So far so good. Moving on to sequence points. An alternation definition of seq-points given by the comp.lang.c author Steve Summit:
Sequence point is a point in time at which the dust has settled and all side effects which have been seen so far are guaranteed to be complete.
What are the common sequence points listed in the C++ Standard?
Those are:
at the end of the evaluation of full expression (§1.9/16) (A full-expression is an expression that is not a subexpression of another expression.)1
Example :
int a = 5; // ; is a sequence point here
in the evaluation of each of the following expressions after the evaluation of the first expression (§1.9/18) 2
a && b (§5.14)
a || b (§5.15)
a ? b : c (§5.16)
a , b (§5.18) (here a , b is a comma operator; in func(a,a++) , is not a comma operator, it's merely a separator between the arguments a and a++. Thus the behaviour is undefined in that case (if a is considered to be a primitive type))
at a function call (whether or not the function is inline), after the evaluation of all function arguments (if any) which
takes place before execution of any expressions or statements in the function body (§1.9/17).
1 : Note : the evaluation of a full-expression can include the evaluation of subexpressions that are not lexically
part of the full-expression. For example, subexpressions involved in evaluating default argument expressions (8.3.6) are considered to be created in the expression that calls the function, not the expression that defines the default argument
2 : The operators indicated are the built-in operators, as described in clause 5. When one of these operators is overloaded (clause 13) in a valid context, thus designating a user-defined operator function, the expression designates a function invocation and the operands form an argument list, without an implied sequence point between them.
What is Undefined Behaviour?
The Standard defines Undefined Behaviour in Section §1.3.12 as
behavior, such as might arise upon use of an erroneous program construct or erroneous data, for which this International Standard imposes no requirements 3.
Undefined behavior may also be expected when this
International Standard omits the description of any explicit definition of behavior.
3 : permissible undefined behavior ranges from ignoring the situation completely with unpredictable results, to behaving during translation or program execution in a documented manner characteristic of the environment (with or with-
out the issuance of a diagnostic message), to terminating a translation or execution (with the issuance of a diagnostic message).
In short, undefined behaviour means anything can happen from daemons flying out of your nose to your girlfriend getting pregnant.
What is the relation between Undefined Behaviour and Sequence Points?
Before I get into that you must know the difference(s) between Undefined Behaviour, Unspecified Behaviour and Implementation Defined Behaviour.
You must also know that the order of evaluation of operands of individual operators and subexpressions of individual expressions, and the order in which side effects take place, is unspecified.
For example:
int x = 5, y = 6;
int z = x++ + y++; //it is unspecified whether x++ or y++ will be evaluated first.
Another example here.
Now the Standard in §5/4 says
Between the previous and next sequence point a scalar object shall have its stored value modified at most once by the evaluation of an expression.
What does it mean?
Informally it means that between two sequence points a variable must not be modified more than once.
In an expression statement, the next sequence point is usually at the terminating semicolon, and the previous sequence point is at the end of the previous statement.

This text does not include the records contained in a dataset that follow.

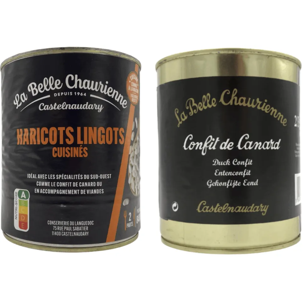 The 800g tin of La Belle Chaurienne confit duck will have 2/3 duck legs within and you can grill, bake or fry these until crisp. We also recommend using the extra duck fat to make roast potatoes, this French duck fat will really elevate the standard roastie! The 840g tin of tender lingot beans in a tomato-based sauce with goose fat will compliment the confit duck perfectly, but would also traditionally be served alongside Toulouse sausages too.
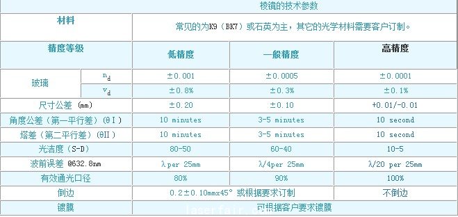 炬科光學能提供各種高精度的棱鏡。各種棱鏡的技術參數:
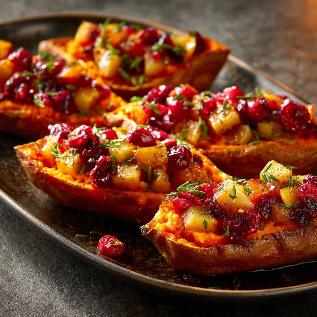 Delight in the fall flavors with these twice-baked sweet potatoes filled with cranberries and apples, perfect for any occasion.
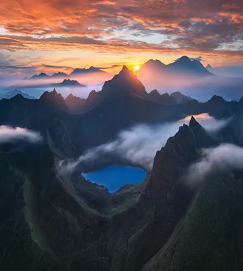 站在深谷,我升起无人机,湛蓝色的火山湖跃然眼前。此刻,一轮红日从层峦叠嶂的远峰之间升起。漫长的旅程以这张图片拉开序幕
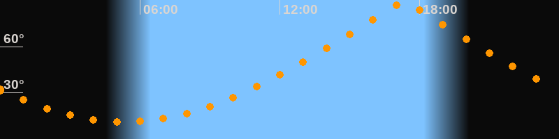 | Höchster Stand (Kulmination) | 17:20 Uhr (h = 89,7°) |
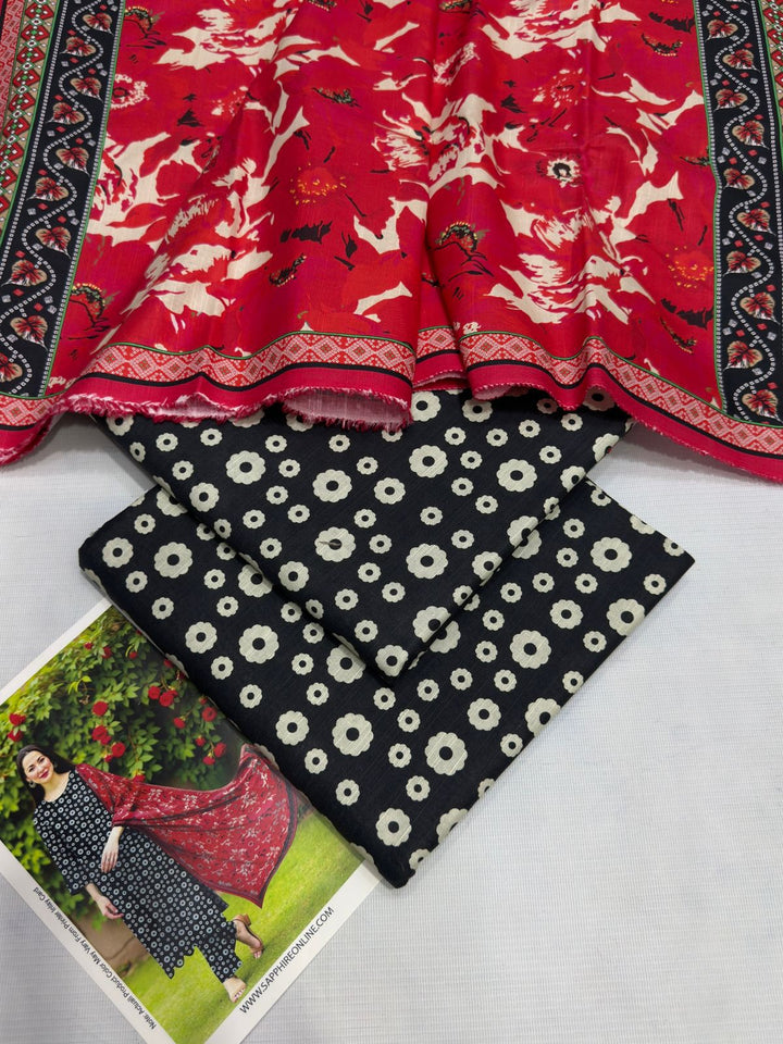 π§£ Striking Printed Dupatta: Paired with a bold red khaddar dupatta adorned with intricate floral prints β a vibrant contrast that adds elegance and charm to the overall look.
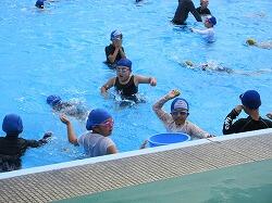 もしプールに入って泳いだら,水の中で熱中症になるらしいよ。水泳も体育だからね。
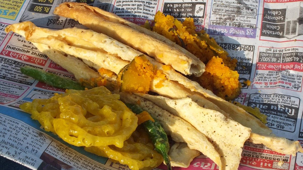 This iconic combination is a popular street food in Gujarat. Fafda is a crispy, deep-fried snack made from gram flour and spices, often enjoyed with a tangy green chutney or a sweet and sour chutney. On the other hand, Jalebi is a deep-fried sweet made from fermented batter soaked in sugar syrup. The contrast of the salty fafda with the sweet jalebi creates a delightful balance of flavours.
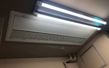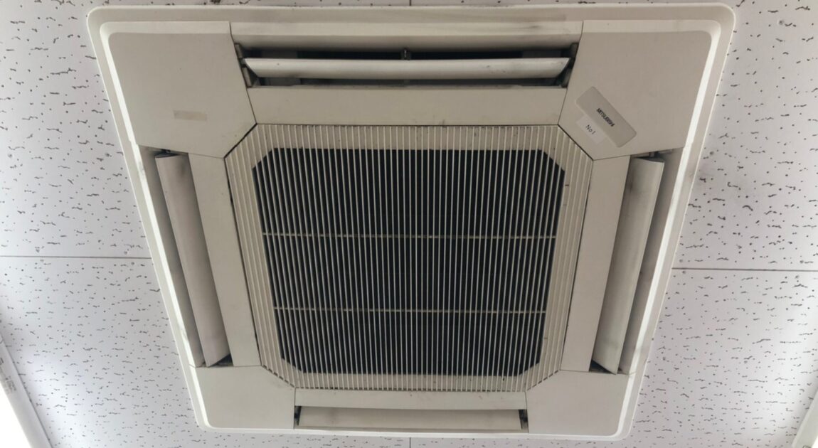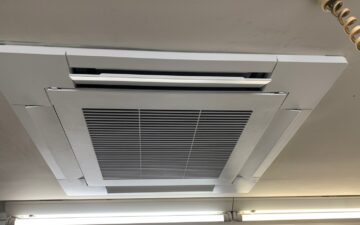 都内のドラッグストアで天カセのエアコンから水漏れでお客様へのクレームになっているとのことで当日対応を実施しました。

An expression may also contain intermediate sequence points.
From the above sentence the following expressions invoke Undefined Behaviour:
i++ * ++i; // UB, i is modified more than once btw two SPs
i = ++i; // UB, same as above
++i = 2; // UB, same as above
i = ++i + 1; // UB, same as above
++++++i; // UB, parsed as (++(++(++i)))
i = (i, ++i, ++i); // UB, there's no SP between `++i` (right most) and assignment to `i` (`i` is modified more than once btw two SPs)
But the following expressions are fine:
i = (i, ++i, 1) + 1; // well defined (AFAIK)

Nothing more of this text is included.